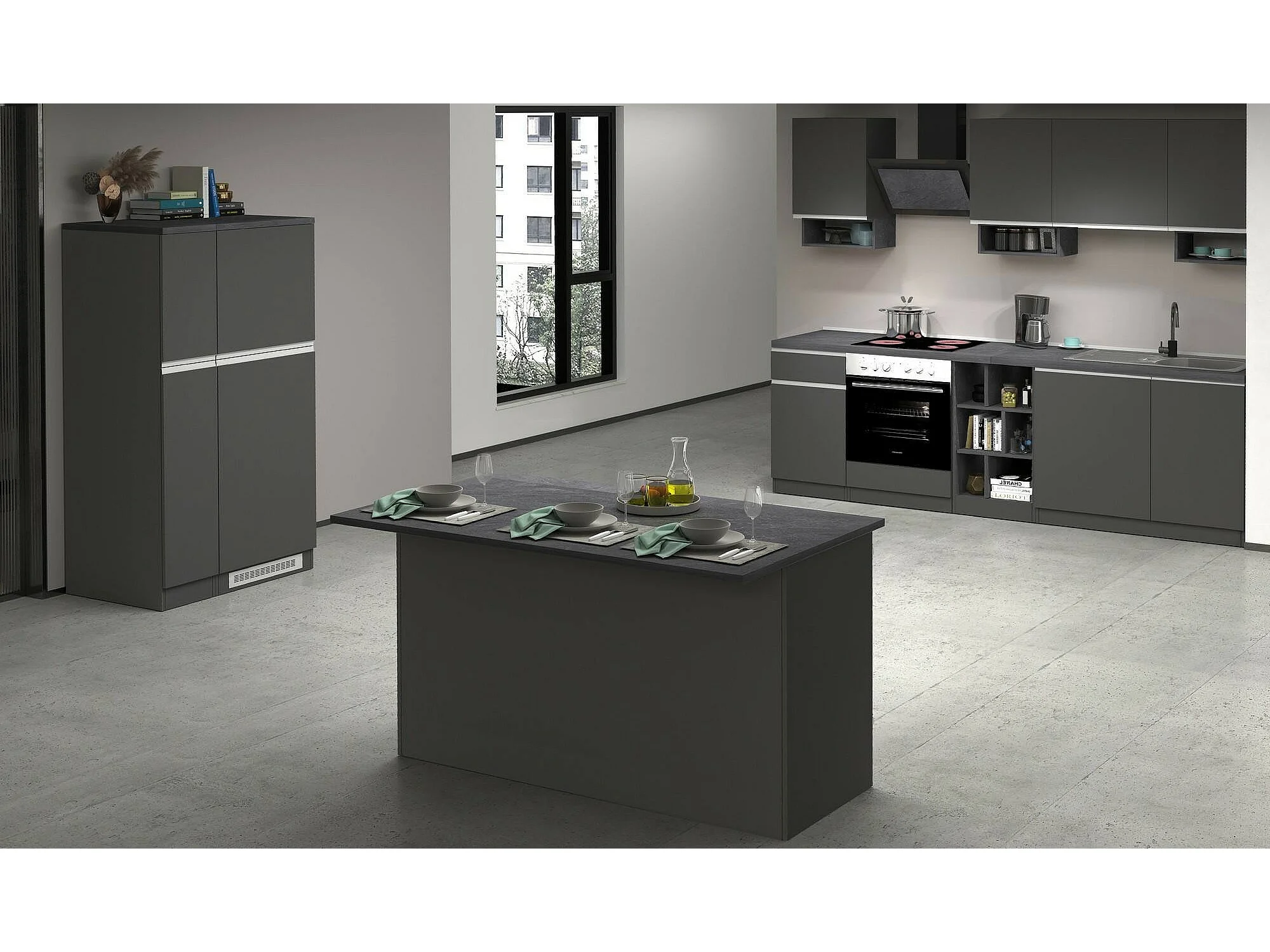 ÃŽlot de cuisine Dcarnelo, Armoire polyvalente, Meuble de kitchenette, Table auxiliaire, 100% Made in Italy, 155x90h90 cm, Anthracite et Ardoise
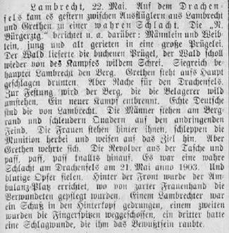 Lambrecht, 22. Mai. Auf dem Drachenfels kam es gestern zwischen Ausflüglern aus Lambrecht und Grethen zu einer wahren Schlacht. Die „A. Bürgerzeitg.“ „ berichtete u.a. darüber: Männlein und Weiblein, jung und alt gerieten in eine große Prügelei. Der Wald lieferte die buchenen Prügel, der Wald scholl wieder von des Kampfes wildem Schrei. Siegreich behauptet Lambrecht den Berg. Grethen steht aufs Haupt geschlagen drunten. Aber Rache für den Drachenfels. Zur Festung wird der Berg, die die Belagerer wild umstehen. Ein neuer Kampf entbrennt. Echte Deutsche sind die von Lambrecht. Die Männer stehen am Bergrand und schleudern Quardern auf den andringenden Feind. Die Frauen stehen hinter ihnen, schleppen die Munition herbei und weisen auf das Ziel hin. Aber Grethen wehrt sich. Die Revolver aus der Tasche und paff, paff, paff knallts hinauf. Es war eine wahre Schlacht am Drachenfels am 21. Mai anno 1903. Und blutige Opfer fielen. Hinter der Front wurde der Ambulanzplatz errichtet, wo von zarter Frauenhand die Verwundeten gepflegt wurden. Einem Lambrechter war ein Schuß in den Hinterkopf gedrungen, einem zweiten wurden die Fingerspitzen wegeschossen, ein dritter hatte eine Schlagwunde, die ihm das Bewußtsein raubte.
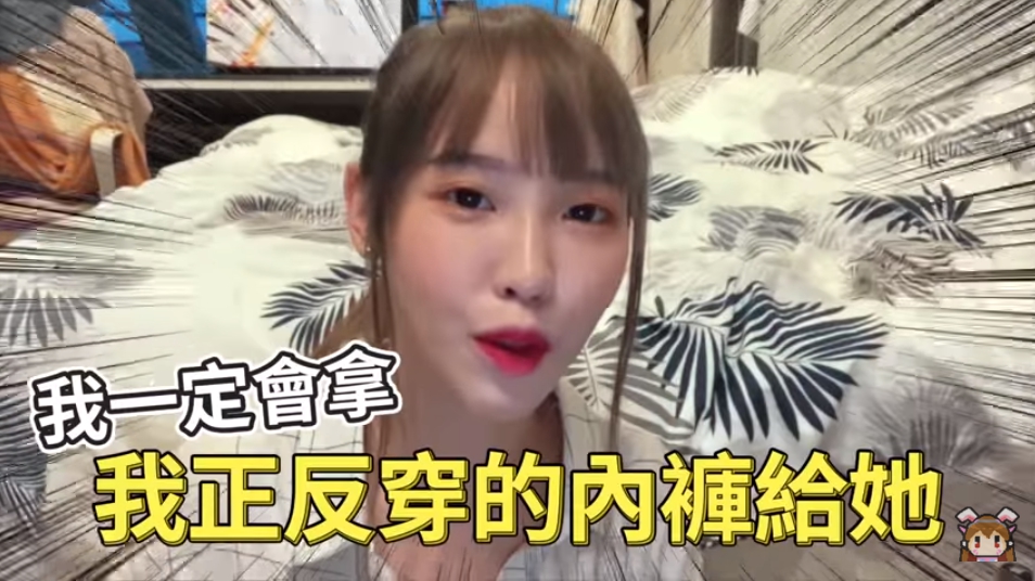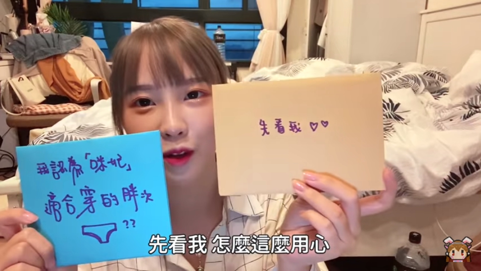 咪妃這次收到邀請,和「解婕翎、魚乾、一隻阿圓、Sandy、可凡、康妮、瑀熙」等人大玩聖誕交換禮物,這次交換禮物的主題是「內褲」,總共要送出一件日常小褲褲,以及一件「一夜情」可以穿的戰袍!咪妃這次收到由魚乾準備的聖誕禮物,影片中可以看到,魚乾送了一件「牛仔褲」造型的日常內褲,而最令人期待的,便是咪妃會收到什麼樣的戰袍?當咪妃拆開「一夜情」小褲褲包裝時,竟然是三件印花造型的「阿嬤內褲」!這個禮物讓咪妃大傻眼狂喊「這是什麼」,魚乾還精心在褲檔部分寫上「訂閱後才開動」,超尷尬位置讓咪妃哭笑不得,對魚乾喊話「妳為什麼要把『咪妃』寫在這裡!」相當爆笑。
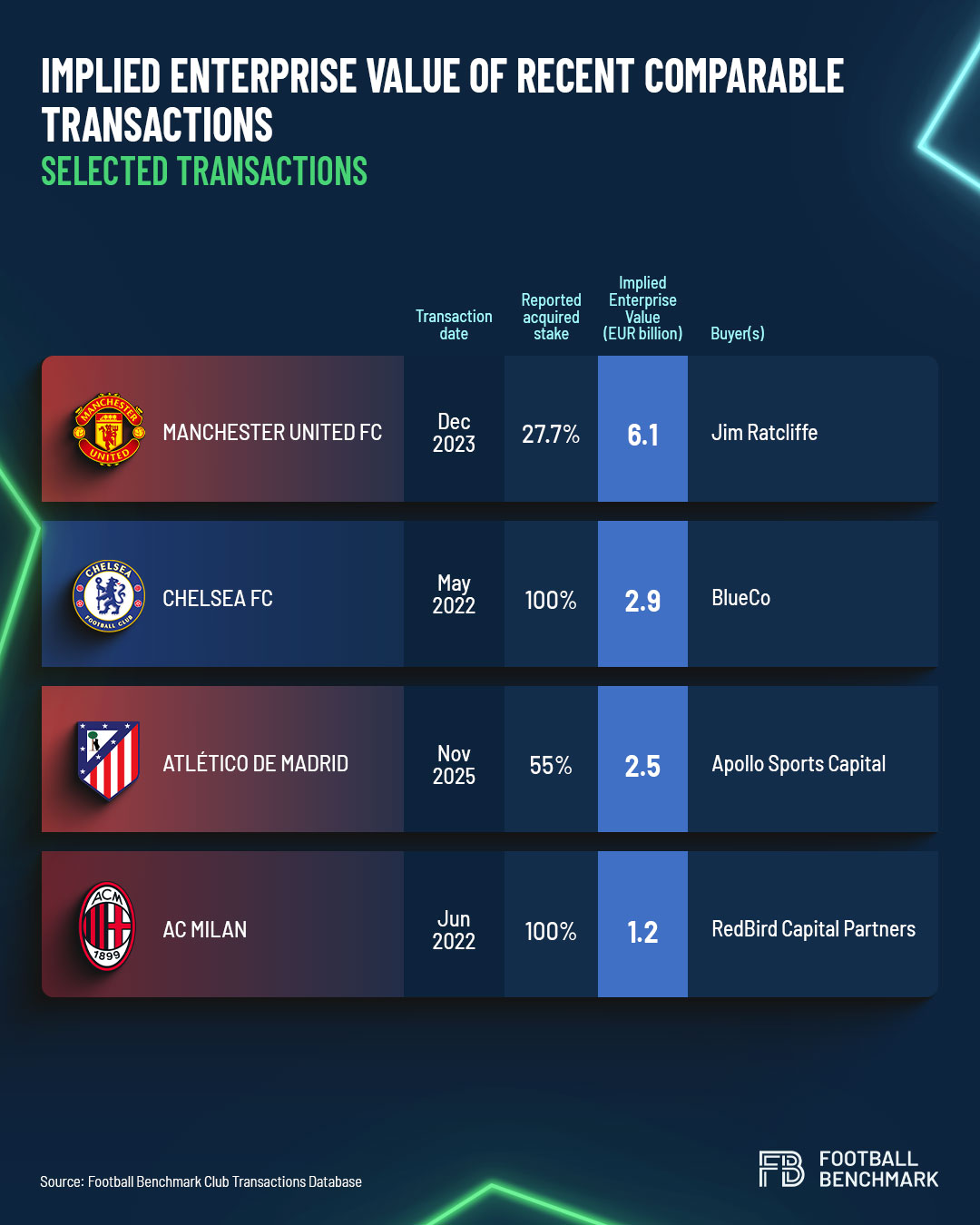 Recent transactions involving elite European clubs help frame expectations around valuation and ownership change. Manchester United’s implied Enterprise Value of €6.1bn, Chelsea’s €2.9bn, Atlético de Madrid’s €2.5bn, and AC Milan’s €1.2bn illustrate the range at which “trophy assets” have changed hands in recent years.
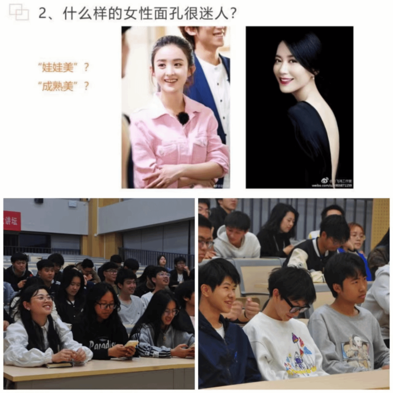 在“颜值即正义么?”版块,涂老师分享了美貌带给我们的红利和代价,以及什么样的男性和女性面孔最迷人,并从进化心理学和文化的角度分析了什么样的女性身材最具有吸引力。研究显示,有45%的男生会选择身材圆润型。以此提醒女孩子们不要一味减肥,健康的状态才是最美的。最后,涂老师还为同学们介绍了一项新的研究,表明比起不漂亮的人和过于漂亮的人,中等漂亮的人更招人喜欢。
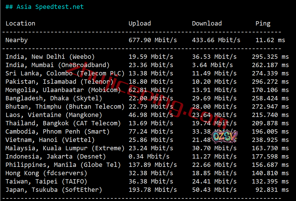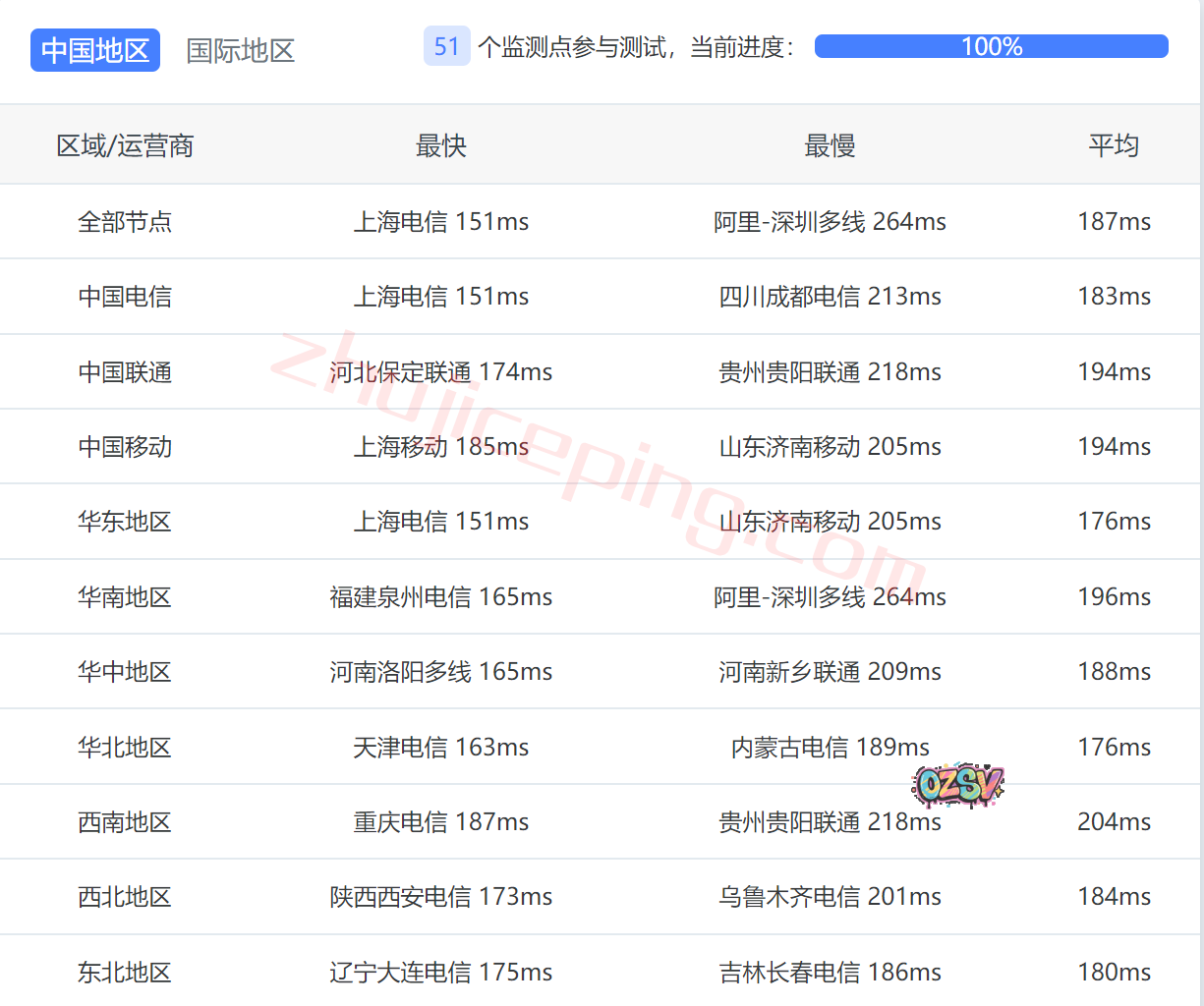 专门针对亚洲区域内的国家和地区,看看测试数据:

**What you will do:** This task calls for the lines from the line containing "咪妃這次收到邀請,和「解婕翎" through the end of the listing, set down exactly and only, with pictures omitted.

**Written answer:**
 咪妃這次收到邀請,和「解婕翎、魚乾、一隻阿圓、Sandy、可凡、康妮、瑀熙」等人大玩聖誕交換禮物,這次交換禮物的主題是「內褲」,總共要送出一件日常小褲褲,以及一件「一夜情」可以穿的戰袍!咪妃這次收到由魚乾準備的聖誕禮物,影片中可以看到,魚乾送了一件「牛仔褲」造型的日常內褲,而最令人期待的,便是咪妃會收到什麼樣的戰袍?當咪妃拆開「一夜情」小褲褲包裝時,竟然是三件印花造型的「阿嬤內褲」!這個禮物讓咪妃大傻眼狂喊「這是什麼」,魚乾還精心在褲檔部分寫上「訂閱後才開動」,超尷尬位置讓咪妃哭笑不得,對魚乾喊話「妳為什麼要把『咪妃』寫在這裡!」相當爆笑。
 Recent transactions involving elite European clubs help frame expectations around valuation and ownership change. Manchester United’s implied Enterprise Value of €6.1bn, Chelsea’s €2.9bn, Atlético de Madrid’s €2.5bn, and AC Milan’s €1.2bn illustrate the range at which “trophy assets” have changed hands in recent years.
 在“颜值即正义么?”版块,涂老师分享了美貌带给我们的红利和代价,以及什么样的男性和女性面孔最迷人,并从进化心理学和文化的角度分析了什么样的女性身材最具有吸引力。研究显示,有45%的男生会选择身材圆润型。以此提醒女孩子们不要一味减肥,健康的状态才是最美的。最后,涂老师还为同学们介绍了一项新的研究,表明比起不漂亮的人和过于漂亮的人,中等漂亮的人更招人喜欢。
 专门针对亚洲区域内的国家和地区,看看测试数据:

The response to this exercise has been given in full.